In the past week, not one or two, but three of my friends have separately wished for the exact same thing. “I need a wife,” these friends have moaned, and they are not single men looking to tie the knot.

These are all married women with part-time or full-time jobs, who have two or three children. To me, their longing needs no explanation. They want someone to pay their bills, submit their family’s health insurance, drag the children to the doctor and dentist, fill in the camp forms, remember to buy the teachers’ gifts, turn in the school medical forms, and whip up dinner.

“I cannot crawl out from under my desk,” a lawyer and mother of two said. “And it’s not my job that is taking up the time. It’s the end of year parties and class trips. And if the camp calls me one more time about those medical forms I’m going to hang up the phone on them. They’ll get them as soon as I get a second to take my kids to the doctor,” she grumbled.

There are many peculiarities to raising children in New York, but perhaps one of the most glaring is the fact that June presents a finish line. It’s not just because June marks the end of school. Unlike those living in Los Angeles or Chicago or Miami, many New Yorkers leave the city in the summer. Sometimes it’s just for a few weeks in August, and sometimes it’s from the middle of June until the beginning of September.

Because you can’t count on everyone — or anyone — to be in the city during the summer, a whole lot has to happen before school lets out.

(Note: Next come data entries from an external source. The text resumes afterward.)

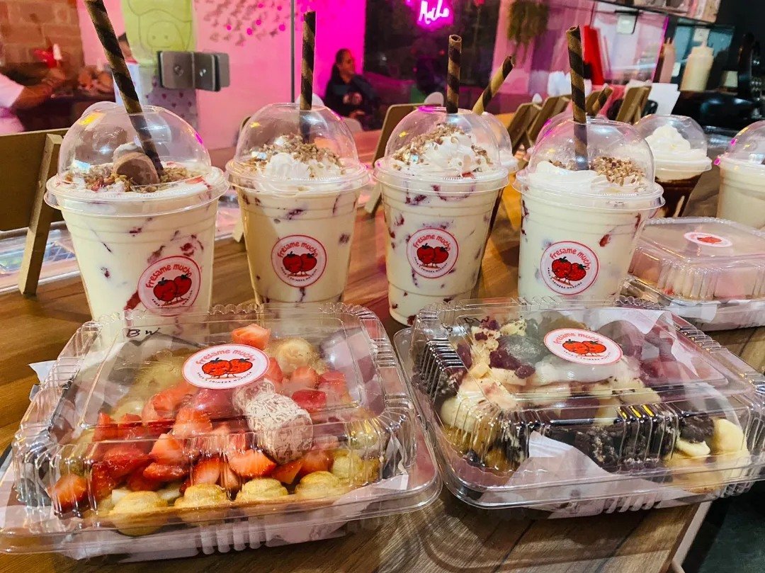 Fresame Mucho nació del amor por los postres y los momentos compartidos. Somos una cafetería de antojos dulces donde las fresas son las protagonistas, acompañadas de crema gourmet, waffles, mini donas, bebidas frías y café.
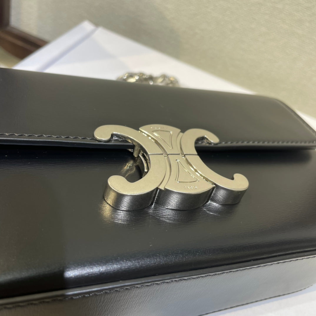 CHAIN EMBOSSED ARMPIT BAG 20 IN BLACK CALFSKIN SILVER HARDWARE
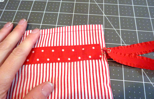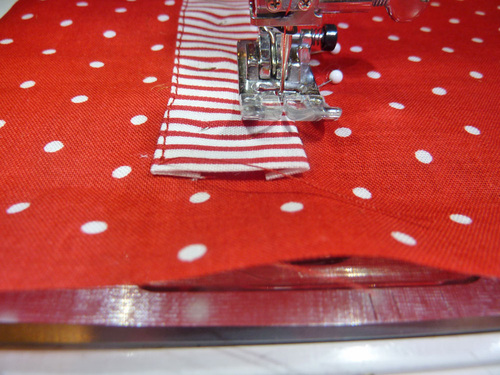 - Place a casing strip on each rectangle. The design is to mix and match the casing fabric and the bag fabric (ie. striped casing on dot panel).
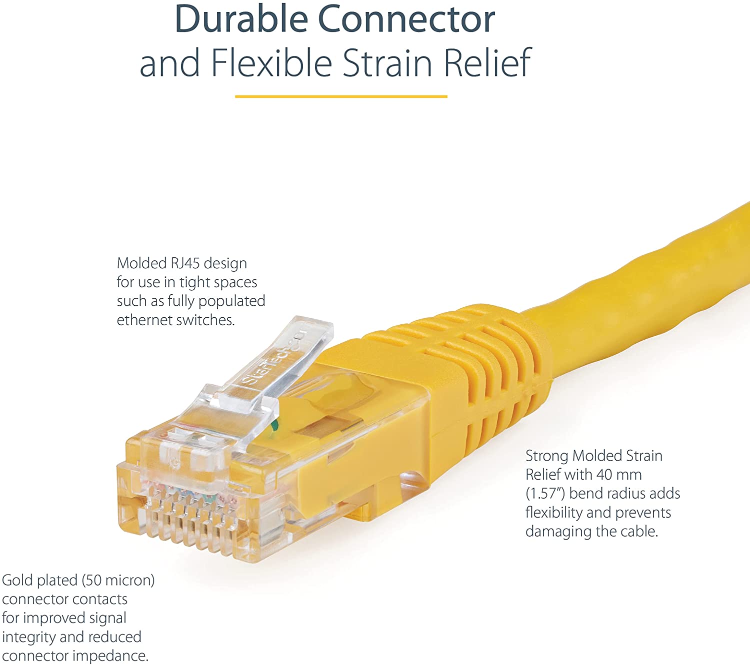 StarTech.'s Category 6 cables are the perfect way to connect your workspace's emerging gigabit works. Category 6 cables improve upon the Category 5e specification by providing twice the available bandwidth (up to 500Mhz) and a signal-to-noise margin improvement that is sixteen times (12dB) better than that provided by Cat 5e.Primary InformationNetwork Cable Type : Patch Cable Left Connector Gender : Male Right Connector Gender : Male Left Connector Type : RJ-45 Right Connector Type : RJ-45 Networking / Compliant Standards : TIA/EIA-568B Category 6 Features : Molded Dimensions&MiscellaneousLength : 15 feet Enclosure Color : Yellow Service&SupportService & Support Type : Lifetime warranty Special FeatureRoHS : Y UNSPSC CodeUNSPSC Code : 26121609
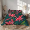 White Bedding Set with Pink Poppy Flowers Duvet Cover and Pillowcases Blue and Yellow Accents, Floral Bedroom Decor
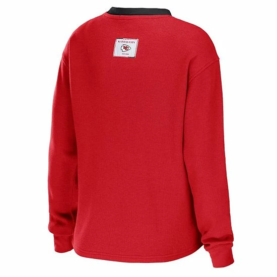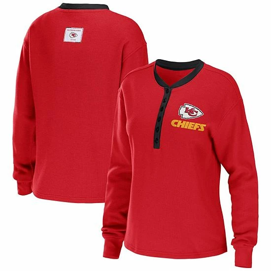 Show your stripes as a dedicated Kansas City Chiefs fan with this Henley T-shirt from WEAR by Erin Andrews. The waffle-knit design adds depth to the stylish Kansas City Chiefs colors and graphics. In addition, the dropped shoulders create extra room for fluid movements.
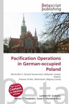 High Quality Content by WIKIPEDIA articles! The pacification operations in German-occupied Poland were the unlawful use of military force and punitive measures conducted during World War II by the German state with the goal of suppressing any Polish resistance. Pacification operations are one example of the extermination policies used against Poland and were of a massive scale, resulting in the murders of approximately 20,000 villagers. They were mainly conducted in the areas of General Government, Pomorze, and in the vicinities of Bia ystok and Wielkopolska. The number of villages which were an object of pacification in Poland is approximately 825. Collective punishment was used during such operations to discourage both the hiding of Jews or Soviet POWs, and the aiding of any guerilla forces. Pacifications included the extermination of entire villages including women and children, expulsions, the burning of homes, confiscation of private property, and arrests. In many instances these operations were characterized by extreme brutality. An example of such behaviour is the burning alive of 81 civilians and the shooting of 15 others in the village of Jab o -Dobki.
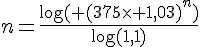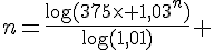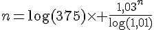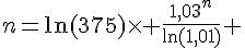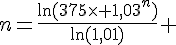 je cale sur n= log375*(1,03)exposant n / log 1,01
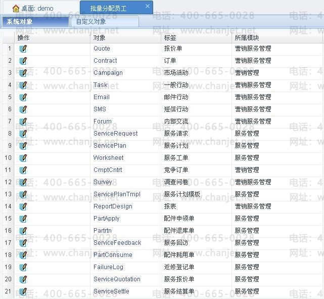 本列表展示除线索、客户、联系人、销售机会对象外可分配员工的对象(包含系统对象、自定义对象)。
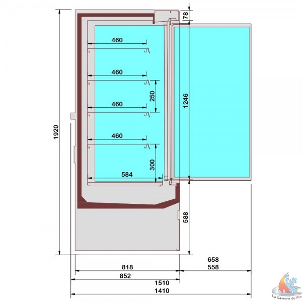 - Grâce à un large volume de présentation incluant les 4 étagères intermédiaires réfrigérées et un éclairage LED, elles vous permettent de diversifier votre offre.
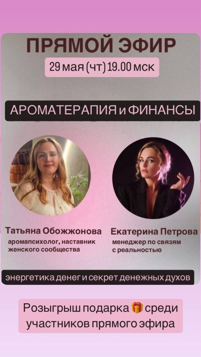 Дорогие🌿, приглашаю на прямой эфир 29 мая (чт) 19.00 мск 🌹АРОМАТЕРАПИЯ и ФИНАНСЫ💰 Программа: ▪️эфирные масла для привлечения денег, ▪️связь ароматов и подсознания: как запахи влияют на наше восприятие денег и уверенности в себе, ▪️энергетика денег и секрет денежных духов. Розыгрыш подарка 🎁 среди участников прямого эфира.
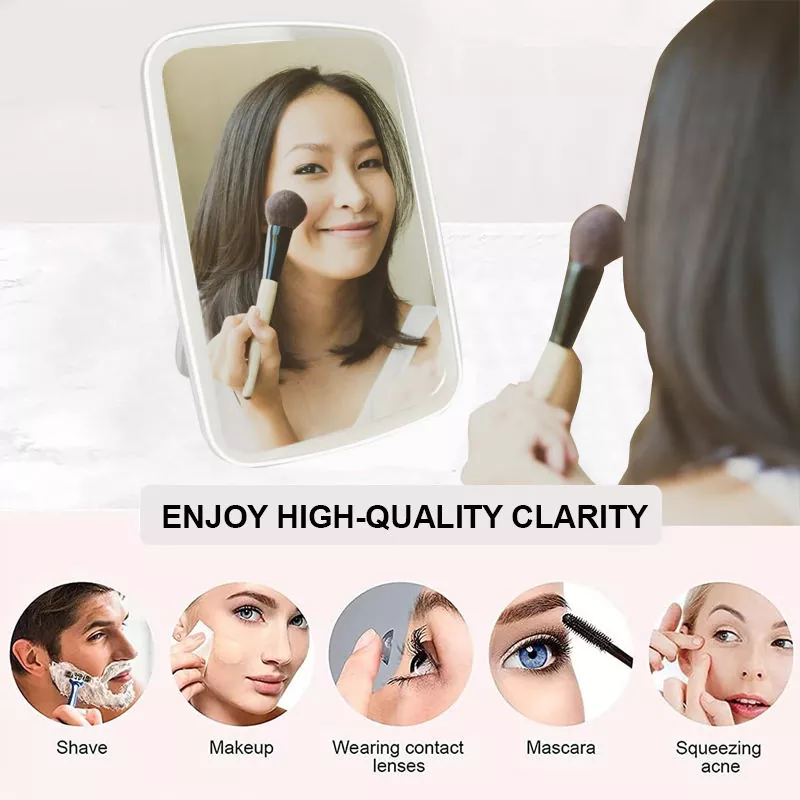 Această oglindă de machiaj cu LED de masă are 3 moduri de lumină reglabile (rece, naturală, caldă) pentru a se potrivi cu diferite scenarii de machiaj, oferind o iluminare reală pentru o aplicare precisă. Suportul său reglabil la 100° permite unghiuri de vizualizare flexibile, în timp ce designul subțire și ușor asigură o portabilitate ușoară.
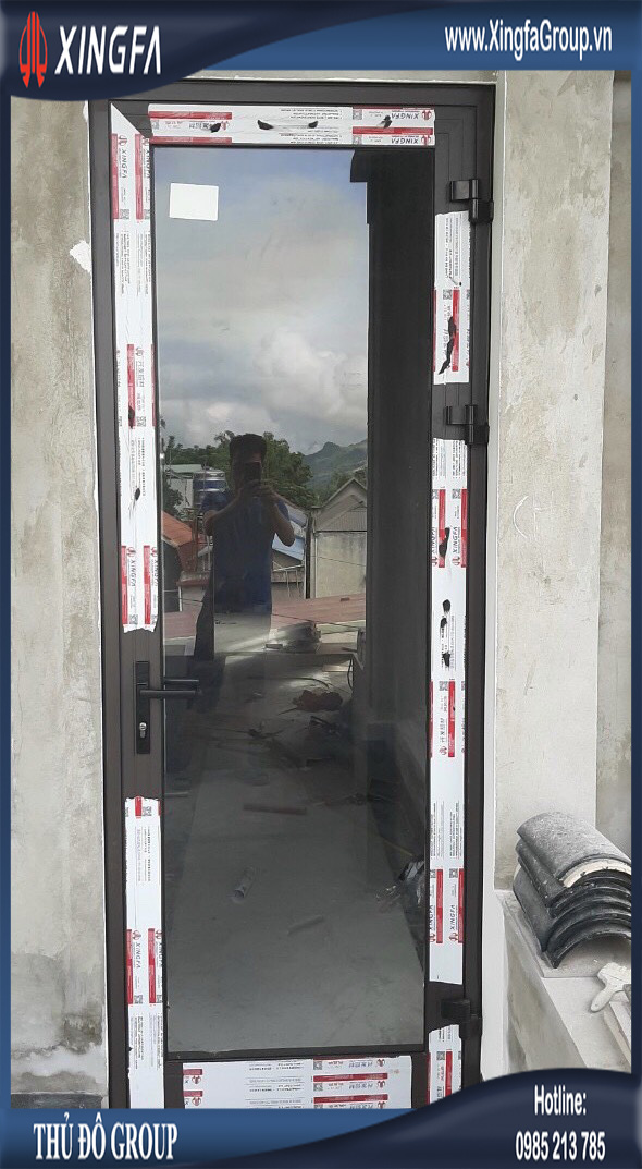 Hình ảnh cửa đi mở quay 1 cánh nhôm Xingfa nhập khẩu chính hãng
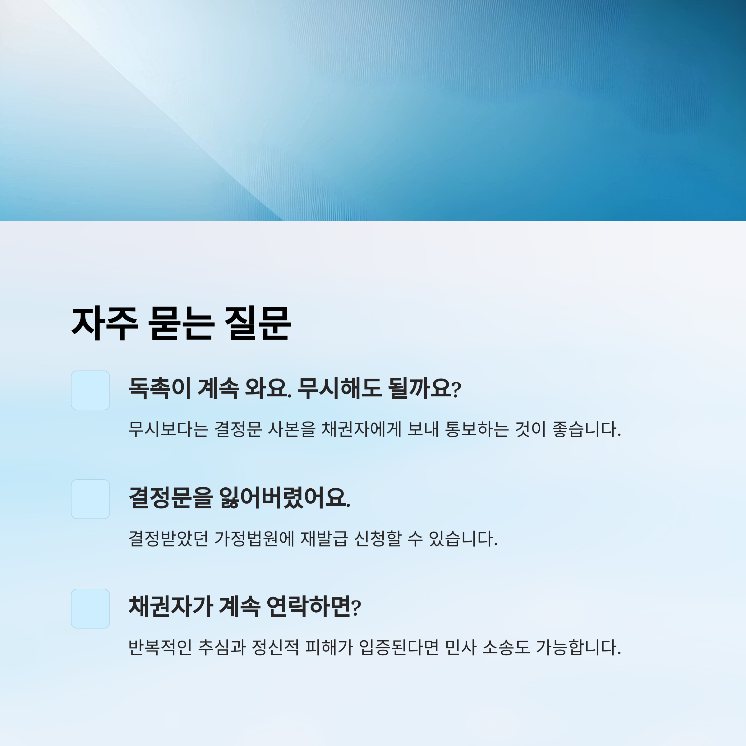 A1. 무시보다는 '결정문 사본'을 채권자에게 보내고 통보하는 게 좋아요. 법적으로 포기했음을 명확히 알려야 연락이 멈춰요.
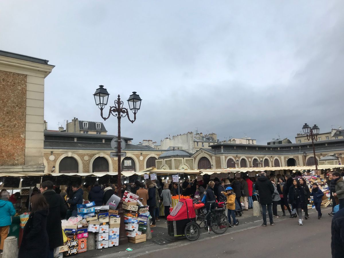 ヴェルサイユ宮殿の後はマルシェに移動して(バスで10分ぐらいだったと記憶しています)、40分ほど自由時間を設けられ買い物を楽しみます。ここでガイドさんがおススメのクレープ屋を紹介して下さり、多くの方が召し上がっておられました。辺り一面に屋台が広がり、フランス人の日常が垣間見えると思います。買い物を楽しんだ後は1時間程かけてバスで帰路につきます。
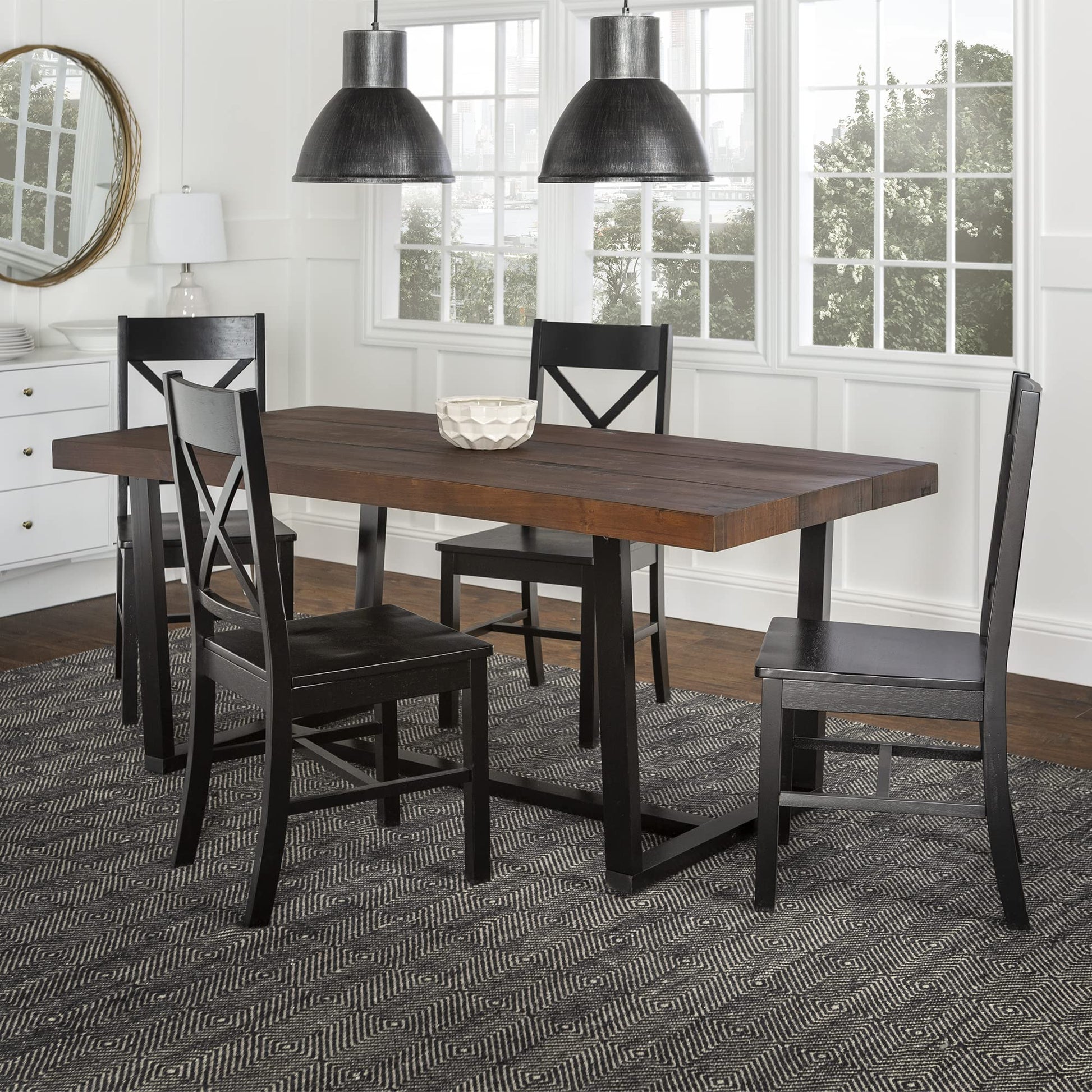 Walker Edison Barnes 5-Piece Rustic Metal and Wood Dining Table with X-Back Chairs Set of 5 Mahogany/Black
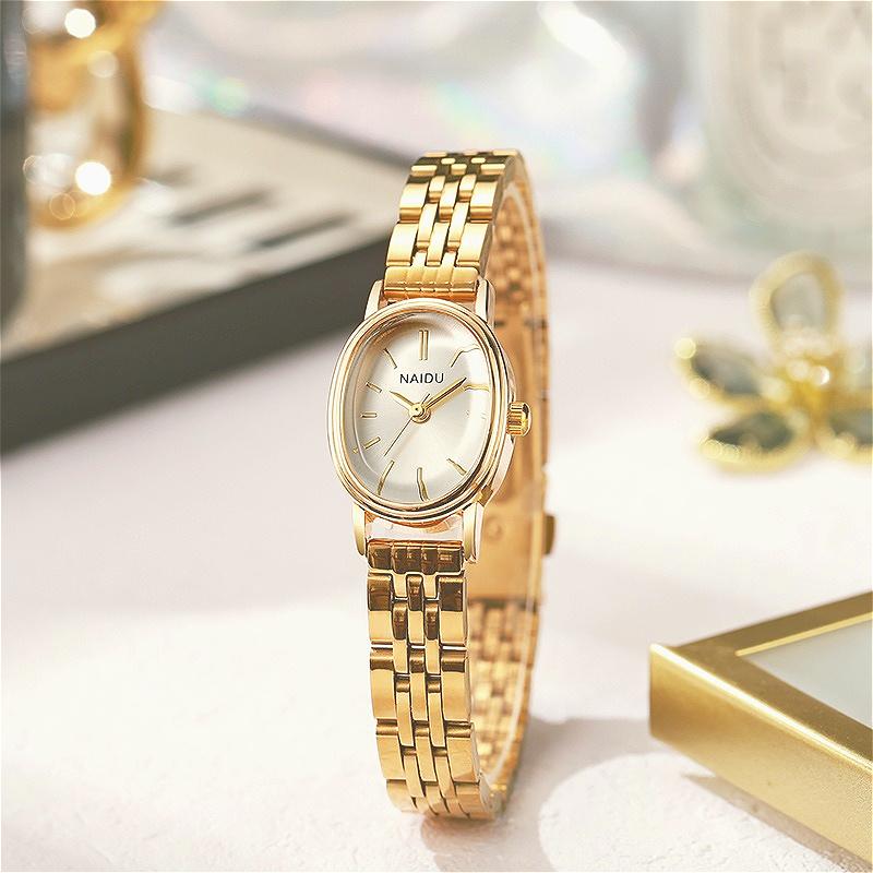 Винтажный стиль Мода Овальный циферблат Кварцевые часы Стальной ремешок Стрелочные Цифровые Наручные часы Женские Часы
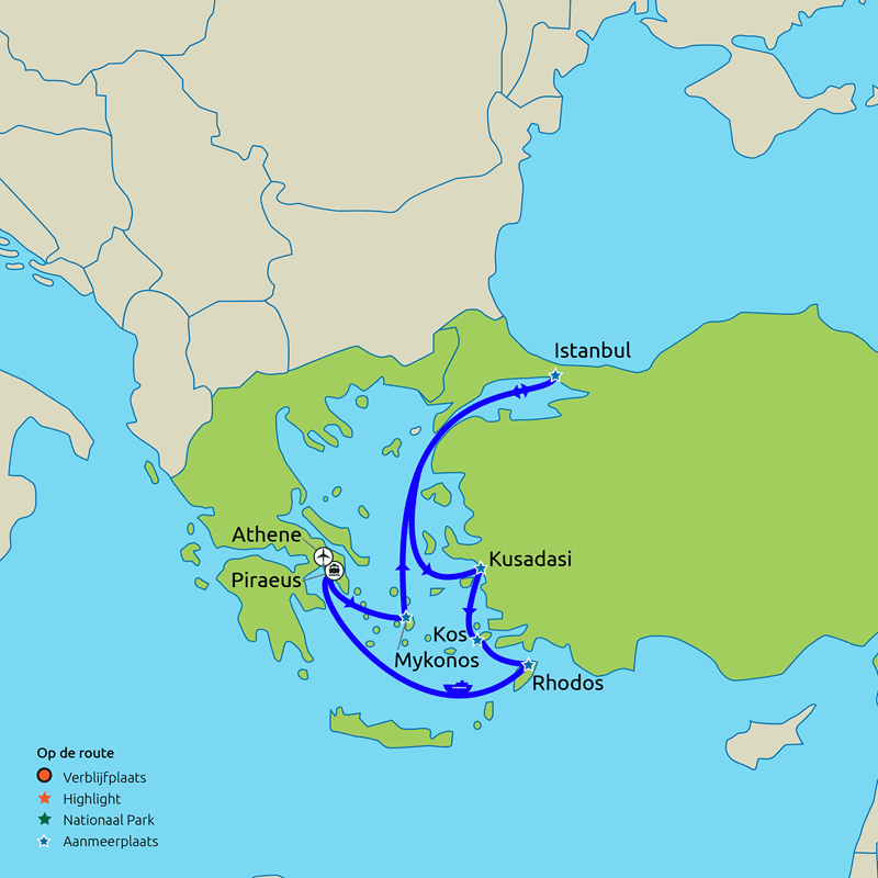 Het schip meert vroeg in de ochtend aan in de haven van Piraeus. Na een vroeg ontbijt wordt er in groepen (op kleur) ontscheept. De volgorde is afhankelijk van verdere reisplannen en vluchttijden. Zodra uw kleur wordt omgeroepen kunt u van boord. Met een transfer van de rederij wordt u van de cruiseterminal in Piraeus naar de luchthaven in Athene gebracht.
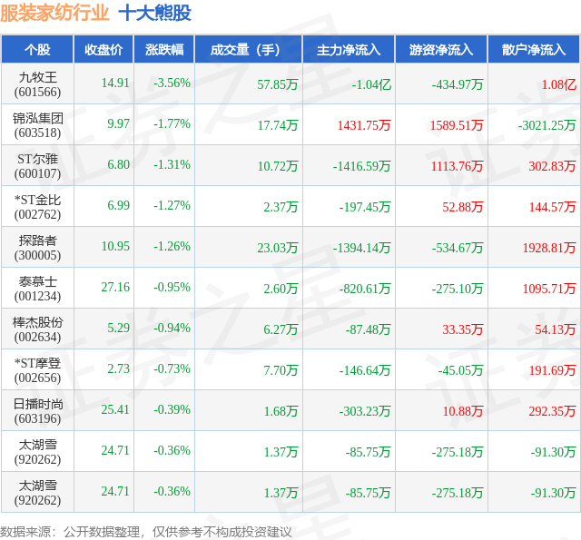 个股表现方面,服装家纺行业当日领跌股为九牧王(601566),该股当日报收14.91,下跌3.56%,成交量57.85万,主力资金净流出1.04亿元。锦泓集团(603518)以下跌1.77%紧随其后,该股当日成交量17.74万,主力资金净流入1431.75万元。除此之外,ST尔雅(600107)、*ST金比(002762)、探路者(300005)均进入当日熊股之列。具体个股列表见下表:
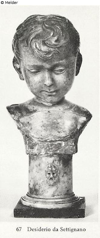 En face, head slightly moved forward. Slightly curled hair with forelock, smiling lips, looks down. Gesson, tinted and darkened. On pedastal of marble. (Was maybe later worked as a bust. Repaired at neck) H. without pedestal 22 cm, H. with pedastal 31 cm. See the infant Jesus at the tabernacle of Desiderio da Settignano in San Lorenzo, Florenz. See similar figures at the Louvre, Kaiser-Friedrich-Museum, previously collection Kauffmann, Berlin etc. Source: Hugo Helbing Kunsthandlung and Kunstversteigerungshaus: Kunstbesitz eines Berliner Sammlers. Katalog Nr. 49.

“One of my kids has 12 birthday parties between now and the middle of June,” a mother of three boys said. “All the kids that are born in May, June, July, and August are having their parties before school gets out. All 12 of them need gifts, and some are at Chelsea Piers and some are at Asphalt Green. Some are in the middle of the park, and some have rain dates. Can’t they just all have one big party together?” she asked.

It’s not just the junior set that has to celebrate before the mass exodus.

“There are so many cocktail parties and benefits in the next few weeks, I don’t know if I have enough energy to survive,” a dermatologist and mother of three said. “I know New York has a particular rhythm and that it heats up in May and June, but I’m just so tired at six o’clock I want to collapse. Instead, I have to get dressed up and go to some shindig.”

Another woman who wants a wife said that properly thanking her children’s teachers is going to take far more time than she would like. “At my daughter’s nursery school, the parents are discouraged from buying individual teacher’s gifts in December, but are free to do so in June,” she said. “And on top of getting a cute gift for each teacher, many parents write lengthy letters to the teachers, and have their children draw some little doodle. There are three or four teachers per child. I have three children. I have a job. I would also like to have a life,” she groaned.

One mother of three, a writer, said that some class parents are organizing books to be presented to the teachers. “These aren’t normal books,” she growled. “These are books filled with our children’s deep appreciation for their teachers. The only thing my child appreciates right now is that there are 8 more days of school, okay? So guess who’ll be drawing a little picture and then forcing her kids to write something on the paper? You got the idea,” she said.

Even in the dead of January it’s hard to return the calls, the e-mails, the bills, the forms, the birthday gifts, and the RSVPs on time, all while getting some form of dinner on the table, picking up the gang from school, and getting the job done well enough.

But the end of May and the first half of June are like the last stretch of a grueling race. The finish line is in sight, but getting there will be exhausting — especially without another wife.